You’ve been dating for a while and you’re more than ready to define the relationship and make things official. However, your partner might be keener on relationship tagging. Here’s the lowdown and why this relationship trend could do with being tossed into the trash.
- What’s relationship tagging? It’s when the person you’re dating decides to make things official by tagging you in their social media bio. Sounds harmless enough, right? Well, it could pose some problems.
- You might see it as defining the relationship when it’s not. The problem with relationship tagging is that your partner might not actually be defining the relationship by tagging you. They might just think it’s cool to mention you on their bio, without actually saying that you’re their girlfriend. Ugh. You’re left wondering what that means.
- It can make things complicated. As if defining the relationship and having “the talk” wasn’t stressful enough, now you have to ask your partner if the fact that they’re relationship tagging you means something more than that they’re just adding you to their bio. Great.
- It’s way too lazy. I’m not saying relationship tagging isn’t cool, but if the only way your partner is making it clear that they want to be exclusive and official with you is by relationship tagging, it feels really lazy. Come on, make some damn effort! You don’t need to serenade the person, but it sure helps to be real and talk to them in person and not just throw their Twitter handle into your bio.
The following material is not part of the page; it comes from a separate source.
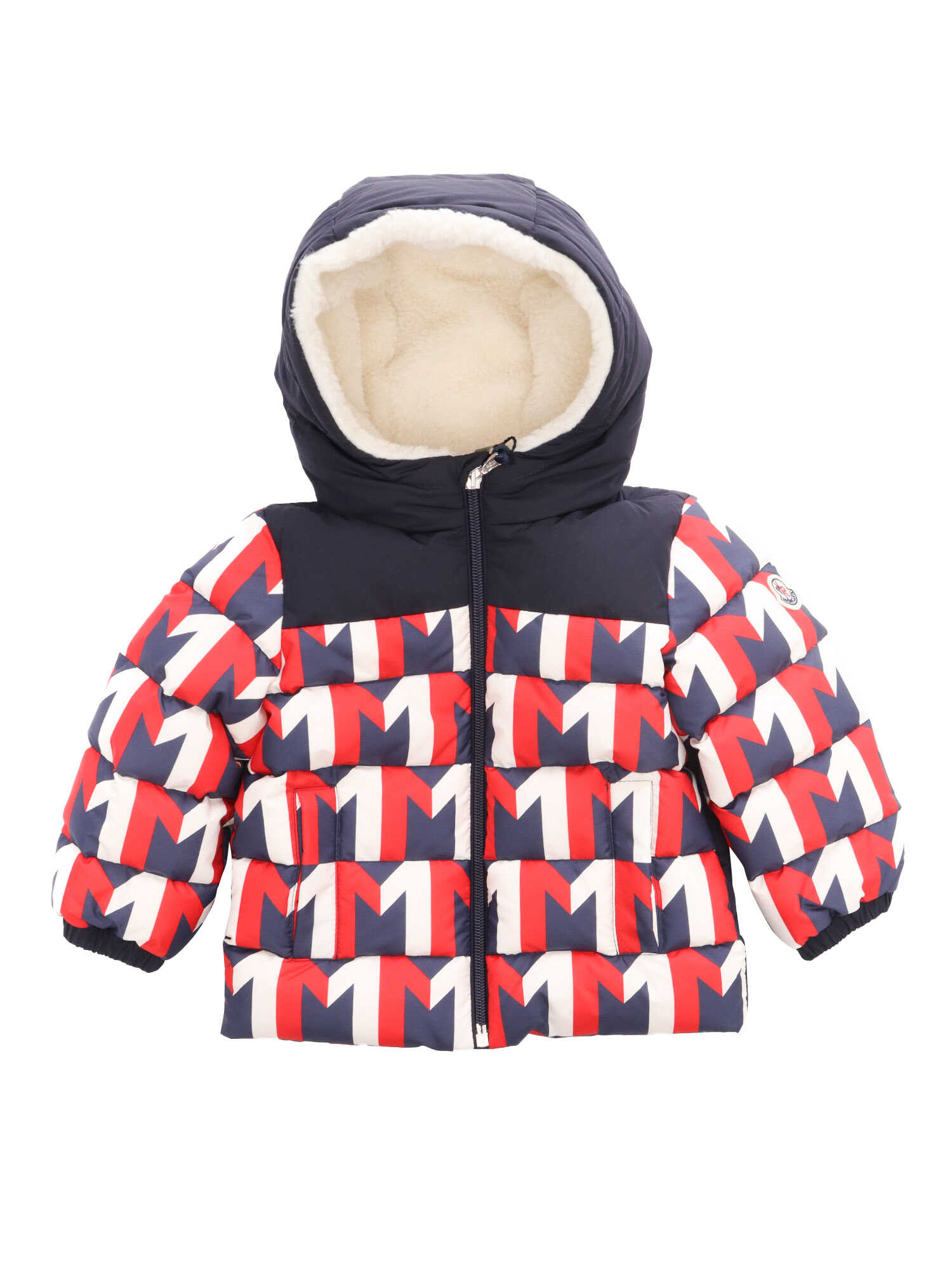 Logo printed down jacket, hood with faux fur lining, front zip closure, elasticated cuffs, logo patch on the sleeve
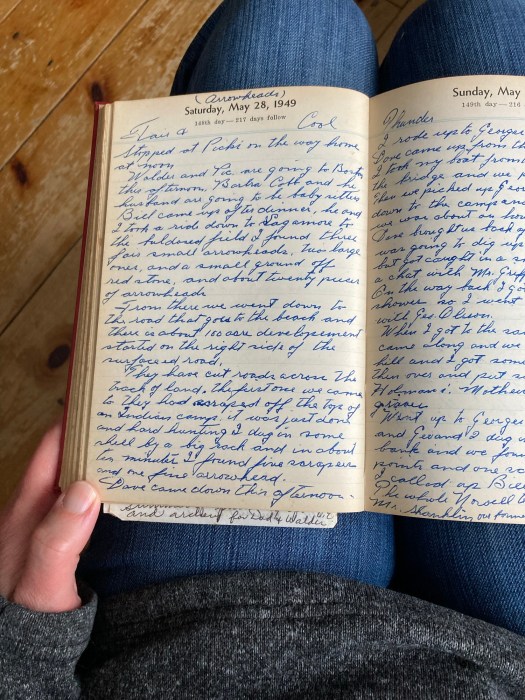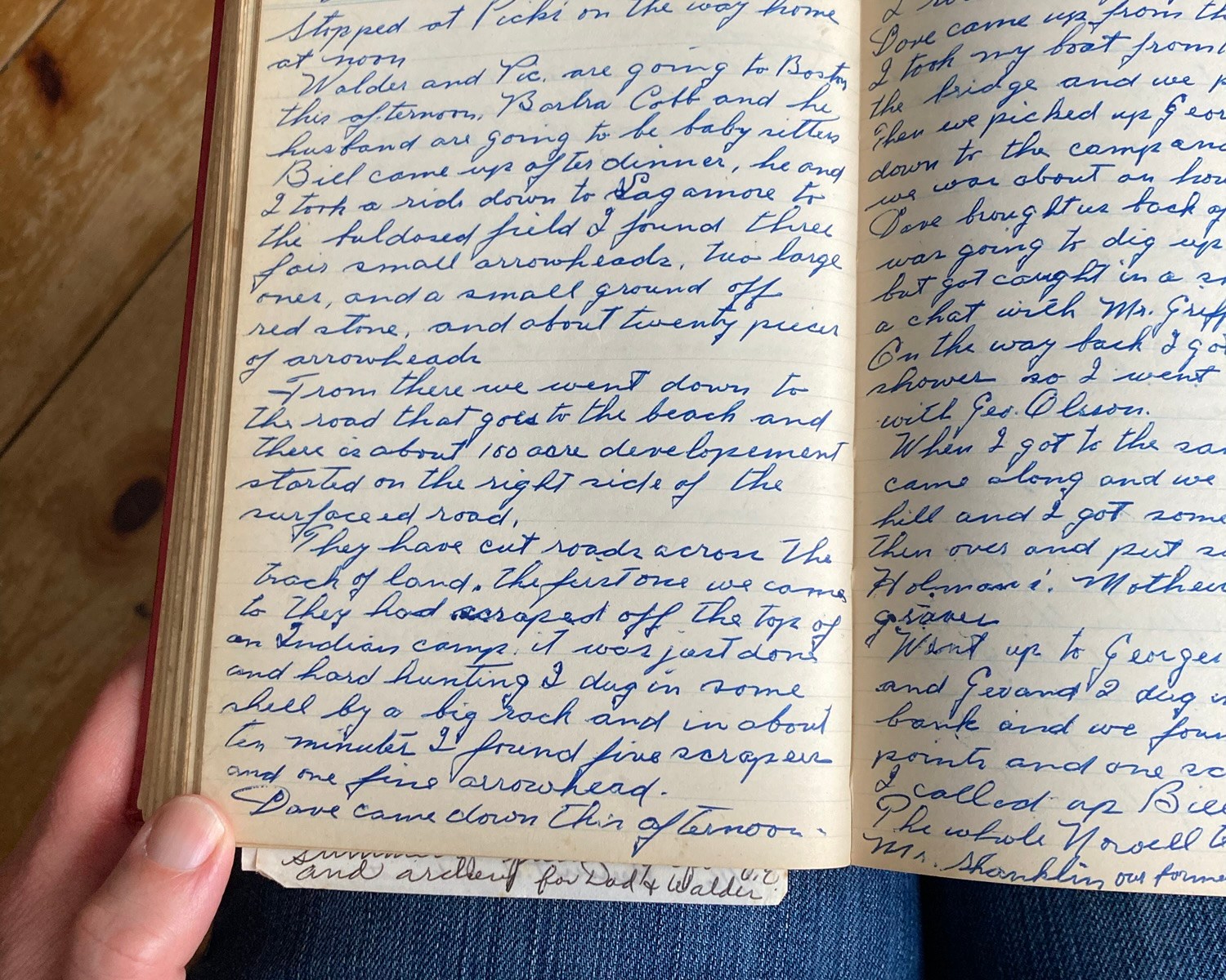 Bill came up after dinner. He and I took a ride down to Sagamore to the bulldozed field. I found three fair small arrowheads, two large ones, and a small ground off red stone, and about twenty pieces of arrowheads.

- It’s similar to that first kiss. Ages ago, like when your grandmother was dating, when two people were on a date and kissed, that used to send the clear message that they wanted to take things further. But let’s be real: kissing doesn’t have to mean that things are official or exclusive. It’s the same with relationship tagging. Sure, your partner’s tagging you on their social media, but it doesn’t mean that they want to be official or exclusive.
- It can be used to boost their status. You might feel like your partner’s attempt at relationship tagging is just a way to make them look better, like they’re boasting that they’re with someone so awesome. This can make you feel like they’re sort of using you to look good to all their friends or followers.
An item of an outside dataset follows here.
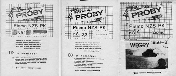 Pierwsze gazetki NZS PK były wywieszane m.in. na uczelnianej stołówce. Ich kontynuacją było pismo NZS PK, „Próby”, ukazujące się w nakładzie 1000 egz. Pierwszy numer pisma z nadrukiem „Do użytku wewnętrznego” ukazał się z datą 15.04.1981 r. Jego redaktorem naczelnym był Krzysztof Banasiak, a w skład redakcji weszli ponadto Maja Bogdani, Grzegorz Kłos i Zbigniew Kokosiński. Numer zawierał m.in. relację Grzegorza Kłosa z I Zjazdu NZS, który rozpoczął się 3.04.1981 w Krakowie w murach ówczesnej WSP, a także wywiad Krzysztofa Banasiaka z prof. Wiktorem Bonieckim o tematyce gospodarczej, fragmenty prozy Miłosza i Simone Weil, a także teksty członków Zrzeszenia. Przydział papieru pochodził z Politechniki, a druk odbywał się w zakładzie poligraficznym PK. Do 13.12.1981 ukazały się w sumie cztery numery pisma o łącznej objętości 112 stron formatu A5. Część nakładu trafiała do Łodzi (PŁ i UŁ), Warszawy i Gdańska. Zmieniał się skład redakcyjny. Redaktorem naczelnym ostatniego numeru „Prób” przed stanem wojennym, poświęconego proroczo 25. rocznicy powstania na Węgrzech (z czołgiem Armii Czerwonej na ulicach Budapesztu na okładce), został Wojciech Przeździecki. Redakcja zaś, w składzie poszerzonym o Iwonę Storożuk (UJ) i Jana Pawlickiego, rozrosła się do 10 osób! Archiwalne numery „Prób” znajdują się obecnie m.in. w zbiorach Biblioteki Jagiellońskiej i FCDCN w Krakowie oraz Open Society Archives w Budapeszcie, a w wersji cyfrowej w Polskiej Bibliotece Internetowej (www.pbi.edu.pl). Ponadto NZS PK wydawało w czasie legalnej działalności Zrzeszenia w roku 1981 „Serwis Informacyjny NZS Politechniki Krakowskiej” i w okresie jesiennego strajku „Serwis Informacyjny SKS [Studenckiego Komitetu Strajkowego] Politechniki Krakowskiej”.

- It’s only good as an extra. Although it might be cool to see that your partner has relationship tagged you online, it should never be the only way they define the relationship. If you’re already a couple and have talked about what that means for both of you, such as when it comes to commitment and exclusivity, then relationship tagging can be a nice bonus. But it should never be the main prize.
- It’s also sickening. For some people, being relationship tagged can feel a bit nauseating because of how it seems to shout to the world, “Look at us! We’re together!” You might feel like it’s trying too hard to show all your followers that you’re taken, like on platforms like Twitter and Instagram where you don’t have to share your relationship status. I mean, is it really necessary?
- It makes you feel glued to your partner. You might be against the idea of relationship tagging because it makes you feel like you’re so defined by your partner that you have to add them to your social media bio. I mean, you’re supposed to have some places, whether online or offline, where you can just be you, not you as someone’s girlfriend. What’s next, the combined social media account? Vomit.
- It can be shady. It doesn’t have to be, but sometimes relationship tagging is an attempt to feel better about oneself. It’s the equivalent of “I’m taken now so I’m better than ya’ll.” Similarly, someone might tag their partner in their bio because they want to show their ex that they’ve moved on. Yikes. In such cases, it’s not cool to be on the receiving end of that tag. In fact, it’s quite insulting.
- How does it feel for you? Always pay attention to how relationship tagging feels in your specific relationship. If you feel your partner’s doing it from a good place, then go ahead and enjoy it. But don’t feel bad if you don’t wish to return the favor. You really don’t have to.